## [Aim of the exercise]
Repeat the lines from the one containing "Клещи переставные 250" through the end of the listing exactly, both ends included. Do not carry over any pictures.

## [Data for review]
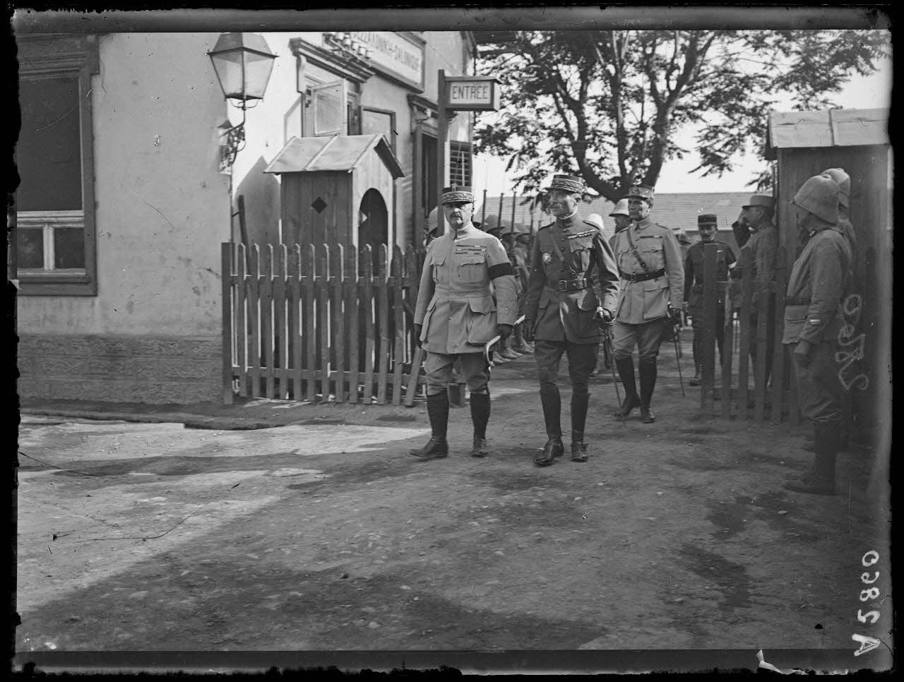 Salonique. Arrivée du Général Franchet d'Espèrey à la gare des Orientaux, le Général Franchet d'Espèrey accompagné du Général Henrys sort de la gare (18.6.18). [légende d'origine]
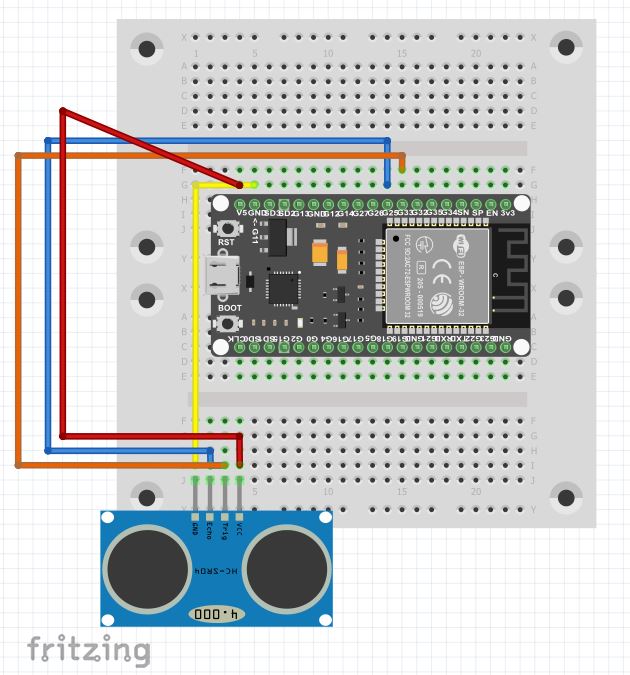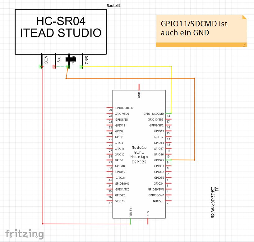 Die Folgenden Abbildungen zeigen wie der Ultraschallsensor an den Microcontroller (ESP32) angeschlossen wird.
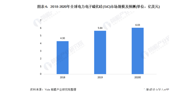 從下游需求情況來看,2018-2019年,受新能源汽車、工業(yè)電源等應用的推動,全球電力電子碳化硅的市場規(guī)模從4.3億美元增長至5.64美元,Yole預測未來市場仍將因新能源汽車產(chǎn)業(yè)的發(fā)展而增長,預計2020年的市場規(guī)模將達6億美元。
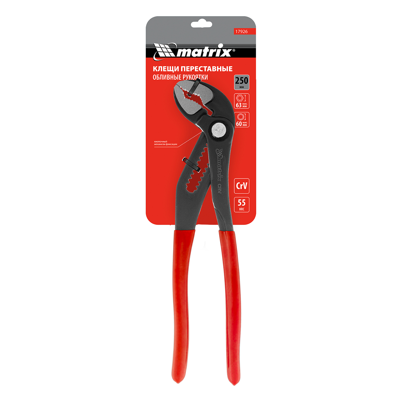 Клещи переставные 250 мм, кнопочный механизм, хром-ванадий, обливные рукоятки Matrix в Воронеже
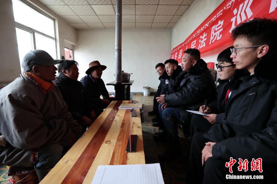 6月3日,在青海省果洛藏族自治州瑪多縣花石峽鎮(zhèn),瑪多縣人民法院“馬背法庭”的法官在牧民家中進行訴前調解。薛蒂 攝
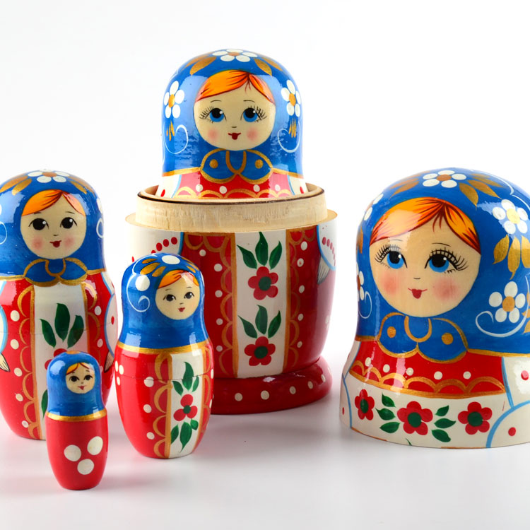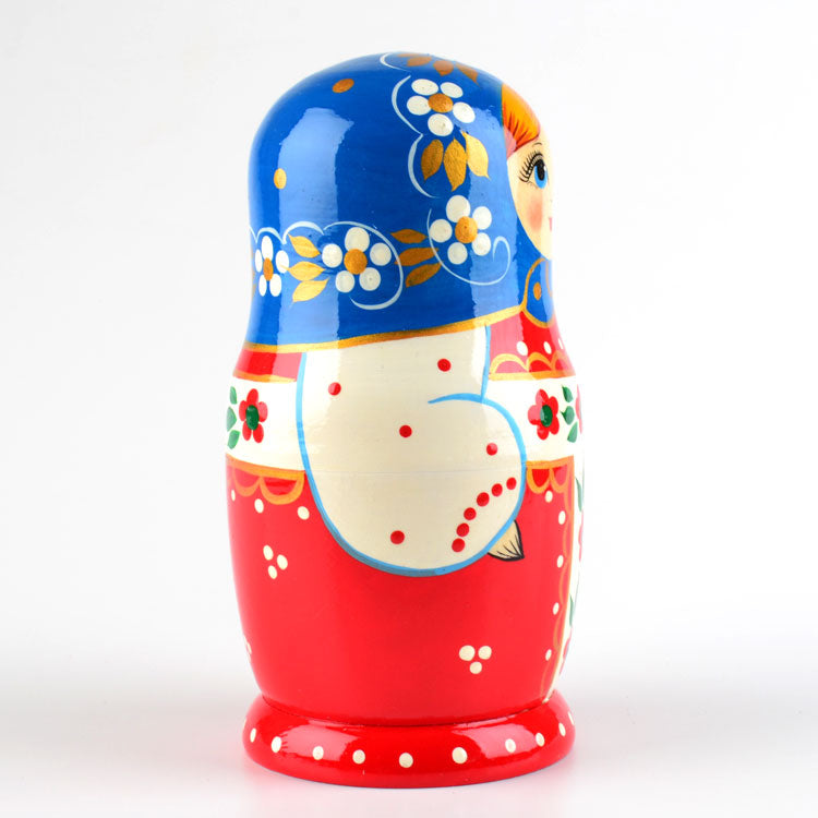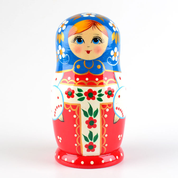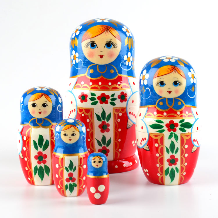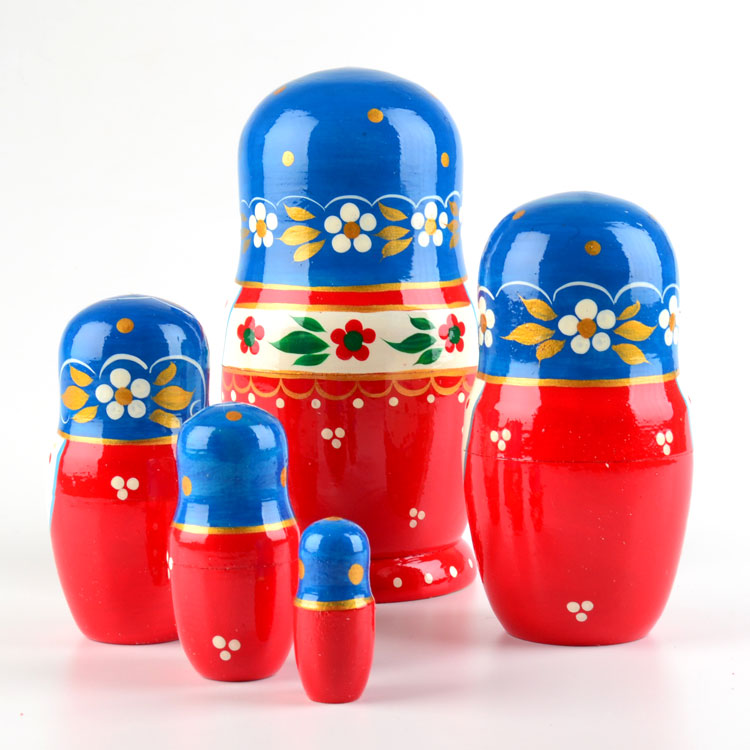 This hand-crafted wooden Russian nesting doll features red, white, and blue colors with a floral theme and green and gold colored accents. She is about 6.5" tall. Brighten up a room or someone's day with an authentic Russian nesting doll like this one!
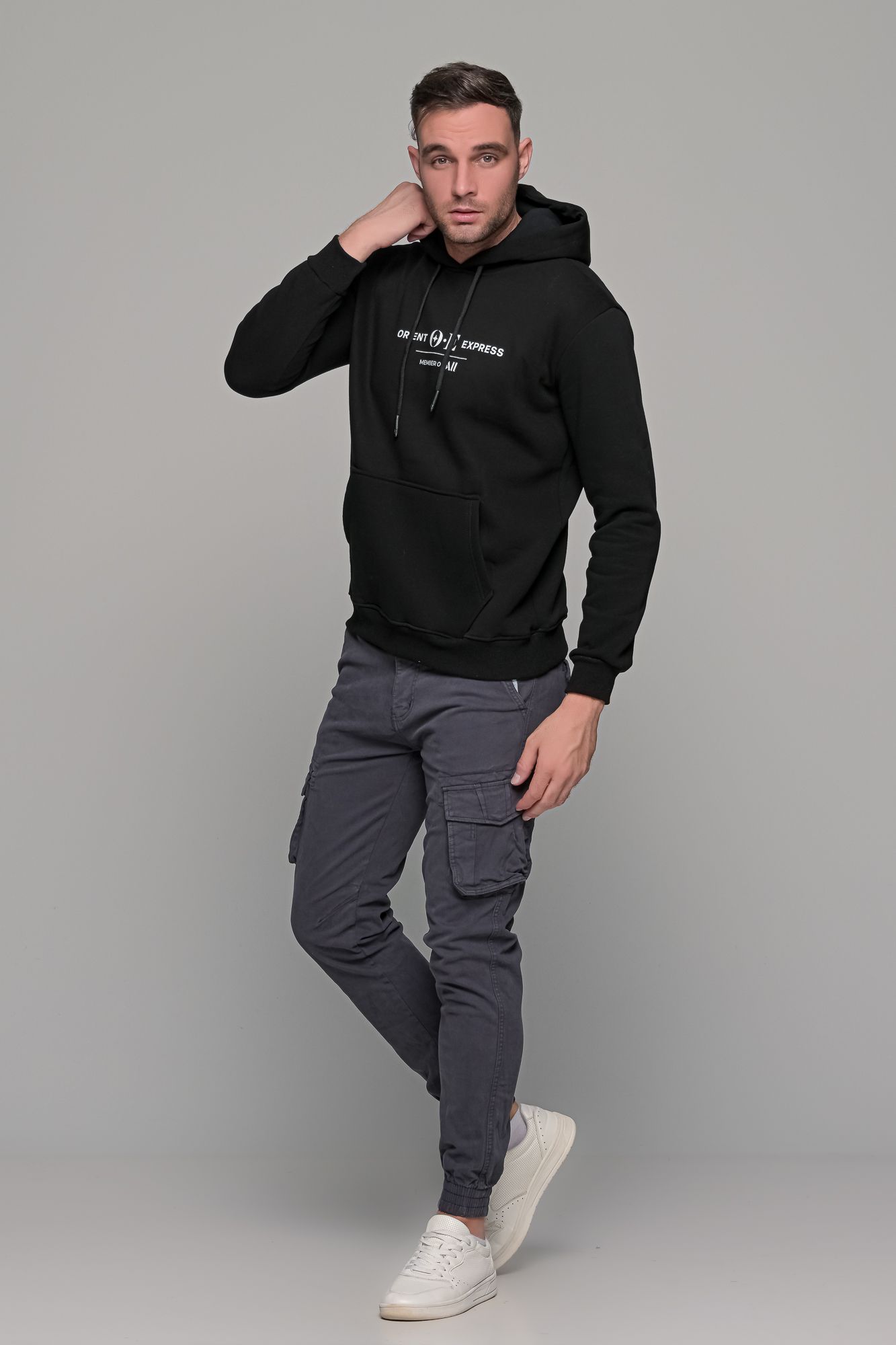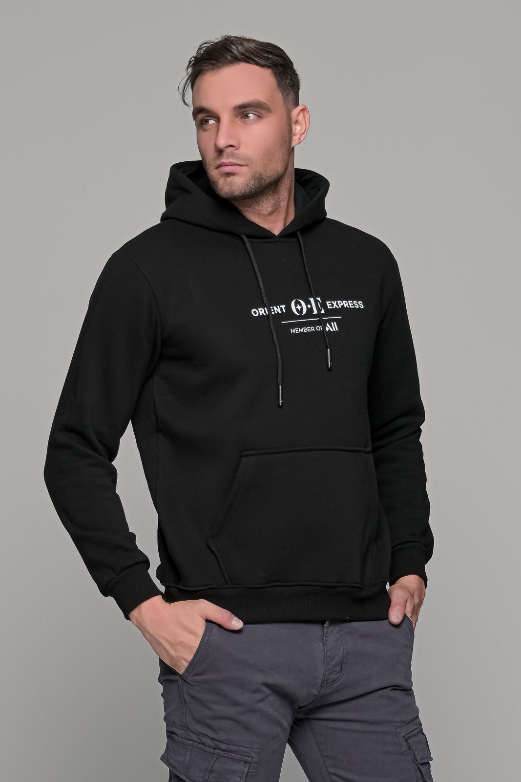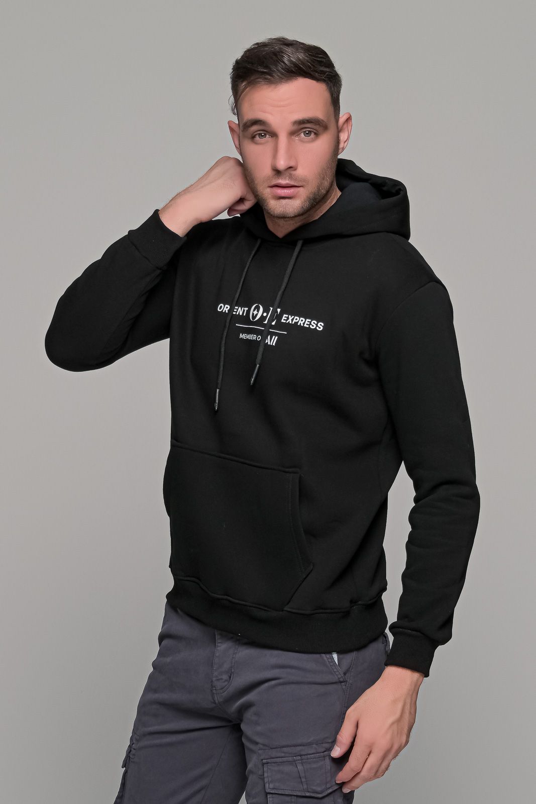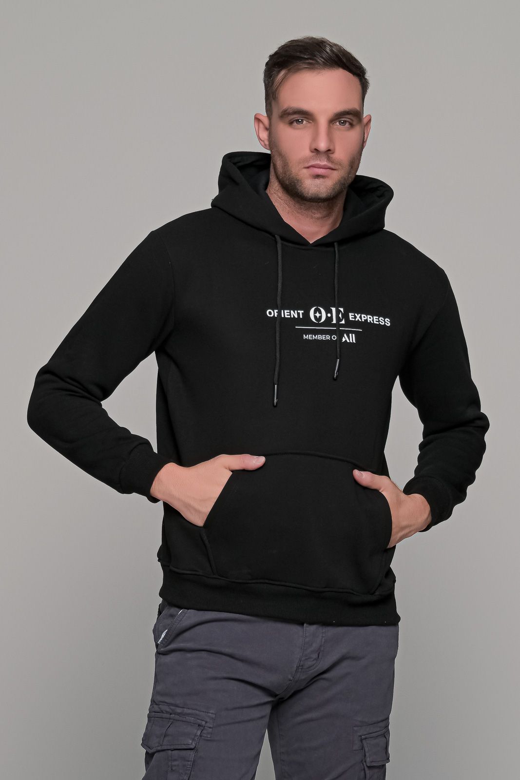 Φούτερ με στάμπα “ORIENT EXPRESS” και κουκούλα σε μαύρο χρώμα. Κατασκευασμένο από βαμβάκι, για να αναπνέει το δέρμα και να σας κρατάει ζεστούς, και συνθετικό για περισσότερη αντοχή και ανθεκτικότητα. Διαθέτει κουκούλα της οποίας το εσωτερικό είναι σε μαύρο χρώμα. Επίσης, διαθέτει κορδόνια αυξομείωσης σε μαύρο χρώμα. Η στάμπα “ORIENT EXPRESS” είναι σε χρώμα λευκό. Ύφασμα και στυλ κατάλληλο για κάθε μέρα, τόσο για πρωινές εξόδους όσο και για το σπίτι. Το Μαύρο φούτερ με στάμπα “ORIENT EXPRESS” μπορεί να φορεθεί τόσο με μια μπλούζα από μέσα όσο και σκέτο.
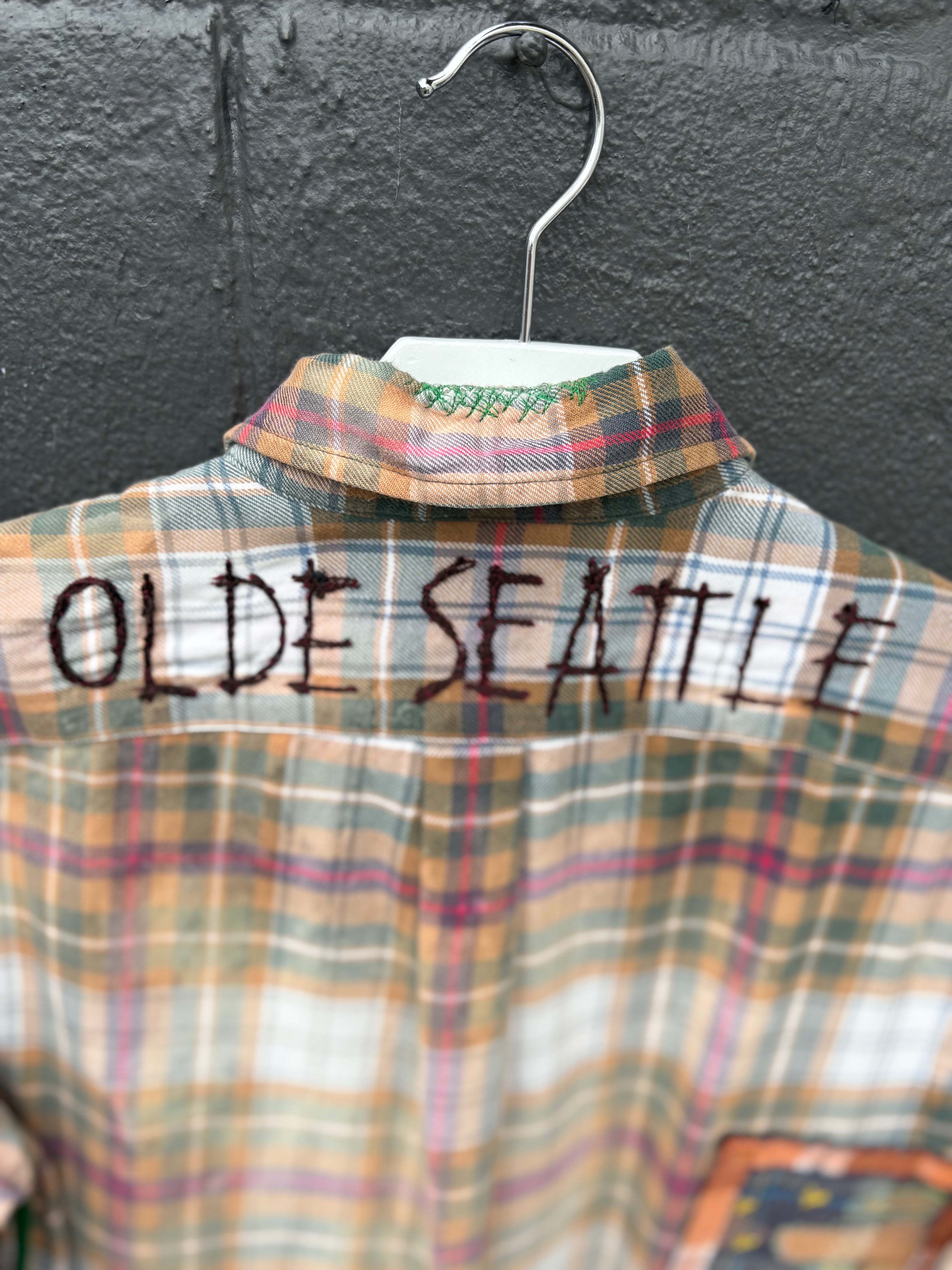 Blink Blink #16 Olde Seattle Custom Button Up Shirt- Grey/Peach/Cream/Green Trim

## [Exercise solution]
 Клещи переставные 250 мм, кнопочный механизм, хром-ванадий, обливные рукоятки Matrix в Воронеже
 6月3日,在青海省果洛藏族自治州瑪多縣花石峽鎮(zhèn),瑪多縣人民法院“馬背法庭”的法官在牧民家中進行訴前調解。薛蒂 攝
 This hand-crafted wooden Russian nesting doll features red, white, and blue colors with a floral theme and green and gold colored accents. She is about 6.5" tall. Brighten up a room or someone's day with an authentic Russian nesting doll like this one!
 Φούτερ με στάμπα “ORIENT EXPRESS” και κουκούλα σε μαύρο χρώμα. Κατασκευασμένο από βαμβάκι, για να αναπνέει το δέρμα και να σας κρατάει ζεστούς, και συνθετικό για περισσότερη αντοχή και ανθεκτικότητα. Διαθέτει κουκούλα της οποίας το εσωτερικό είναι σε μαύρο χρώμα. Επίσης, διαθέτει κορδόνια αυξομείωσης σε μαύρο χρώμα. Η στάμπα “ORIENT EXPRESS” είναι σε χρώμα λευκό. Ύφασμα και στυλ κατάλληλο για κάθε μέρα, τόσο για πρωινές εξόδους όσο και για το σπίτι. Το Μαύρο φούτερ με στάμπα “ORIENT EXPRESS” μπορεί να φορεθεί τόσο με μια μπλούζα από μέσα όσο και σκέτο.
 Blink Blink #16 Olde Seattle Custom Button Up Shirt- Grey/Peach/Cream/Green Trim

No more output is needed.